Côn. Celso Pedro da Silva, ‘A Bíblia dia a dia 2016’, Paulinas.

LEITURA ORANTE

Oração Inicial
Hoje é o 30º domingo do Tempo Comum e Dia Mundial das Missões. A liturgia da Palavra nos apresenta a parábola dos dois homens em oração, um fariseu e um publicano. É considerada uma das parábolas centrais do Novo Testamento, uma vez que descreve a relação do ser humano com Deus e de Deus com o ser humano. Na oração, devemos deixar a Deus toda a iniciativa, permitir que Ele nos conduza por seus caminhos.
Predispondo nossa mente, vontade e coração para a oração, peçamos: “Senhor Jesus, dá-me um coração simples para compreender a riqueza de ensinamentos escondida em tua Palavra. Envia teu Espírito Santo para que eu não tenha medo de escutá-la e vivê-la conforme a tua vontade. Que a Palavra transforme o meu coração através da fé e confiança que eu deposito em ti. Amém.”

Leitura (Verdade)
É o momento de compreendermos o texto. O que ele diz? Leia com calma e silenciosamente o Evangelho. Depois, leia-o novamente em voz alta, repetindo as palavras que mais chamaram sua atenção. Quais personagens aparecem no texto? Onde eles se encontram?
Em uma primeira leitura, nossa atenção se volta aos destinatários da parábola: “Alguns que confiavam na sua própria justiça e desprezavam os outros” (Lc 18,9). Em seguida, temos a descrição do comportamento dos dois orantes. O fariseu descreve tudo o que faz, tem consciência de suas ações diante de Deus e não sente necessidade de pedir perdão, pois não se vê como pecador. O publicano, por sua vez, pertencente a uma classe tida como pecadora, reconhece sua condição de pecador, confessa sua miséria e confia na misericórdia de Deus, orando: “Meu Deus, tem compaixão de mim, que sou pecador!” (Lc 18,13). O pedido de perdão é a condição para a oração com humildade. Por fim, o maior pecador voltou para casa justificado, perdoado, e o outro não.

Meditação (Caminho)
O que o texto lhe diz? Que aspectos do mistério de Deus esta passagem possibilita conhecer? Qual palavra encontrou mais sintonia com a realidade que você está vivendo?
Toda oração começa com uma atitude muito simples do orante: apresentar sua vida a Deus. Na oração, devemos ser nós mesmos, sem esconder nada. Não precisamos temer a Deus pelo que somos. Ele nos conhece, sabe tudo o que vivemos e necessitamos.
Frei Patrício Sciadini, em seu “Catecismo da oração”, nos diz: “A oração não pode se limitar a determinados momentos, horas, períodos. O nosso ser orante é mais do que um ato, uma atitude. A oração é o respiro, é a vida. Nada mais fácil do que respirar e viver. […] Rezar hoje quer dizer transformar o nosso dia com sua monotonia num momento sacramental. É saber dar ao momento presente o valor do eterno.”

Oração (Vida)
Devemos e podemos orar a partir de qualquer situação de nossa vida. Basta que a ofereçamos a Deus. Deus não espera apenas o melhor de nós, mas nos espera com tudo. Faça sua oração e apresente tudo o que você vive ao Senhor. Reze também pelas intenções dos missionários.
Oração do Mês Missionário 2016: “Pai de misericórdia, que criaste o mundo e o confiaste aos seres humanos, guia-nos com teu Espírito para que, como Igreja missionária de Jesus, cuidemos da Casa Comum com responsabilidade. Maria, Mãe Protetora, inspira-nos nessa missão. Amém.”

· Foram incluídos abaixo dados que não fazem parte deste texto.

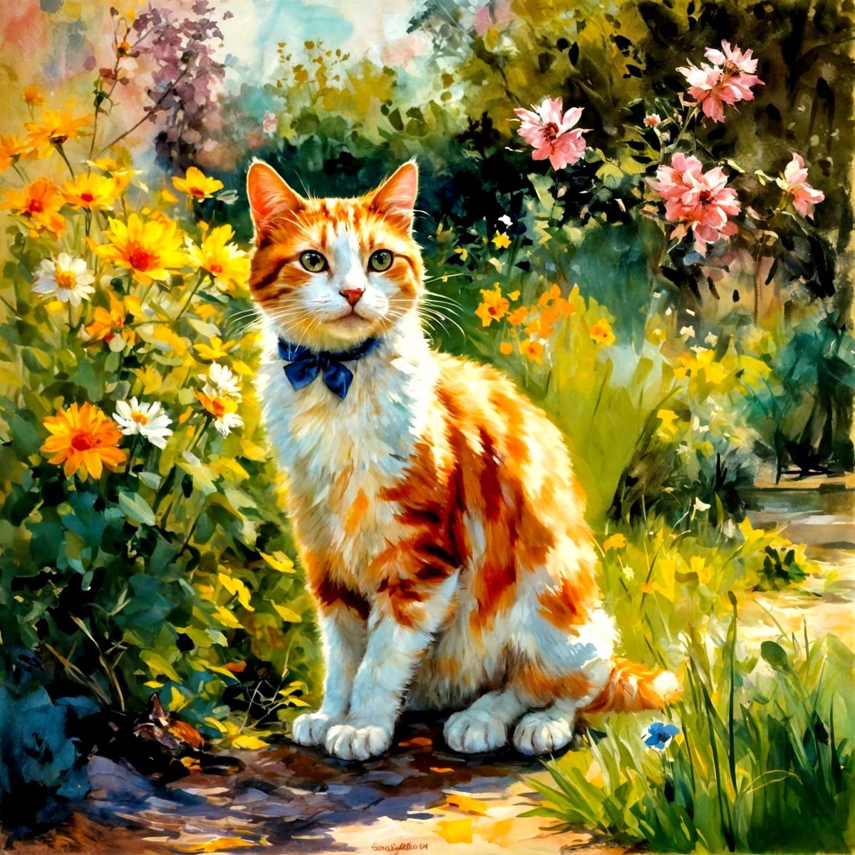 Create your own playful cat images in the style of Esther Pissarro with our free AI image generator

Contemplação (Vida e Missão)
Como você pretende viver concretamente, durante este dia, os apelos que o Senhor despertou em seu coração?

Bênção
– Que Deus nos abençoe e nos guarde. Amém.
– Que Ele nos mostre a Sua face e se compadeça de nós. Amém.
– Que volte para nós o Seu olhar e nos dê a paz. Amém.
– Abençoe-nos, Deus misericordioso, Pai, Filho e Espírito Santo. Amém.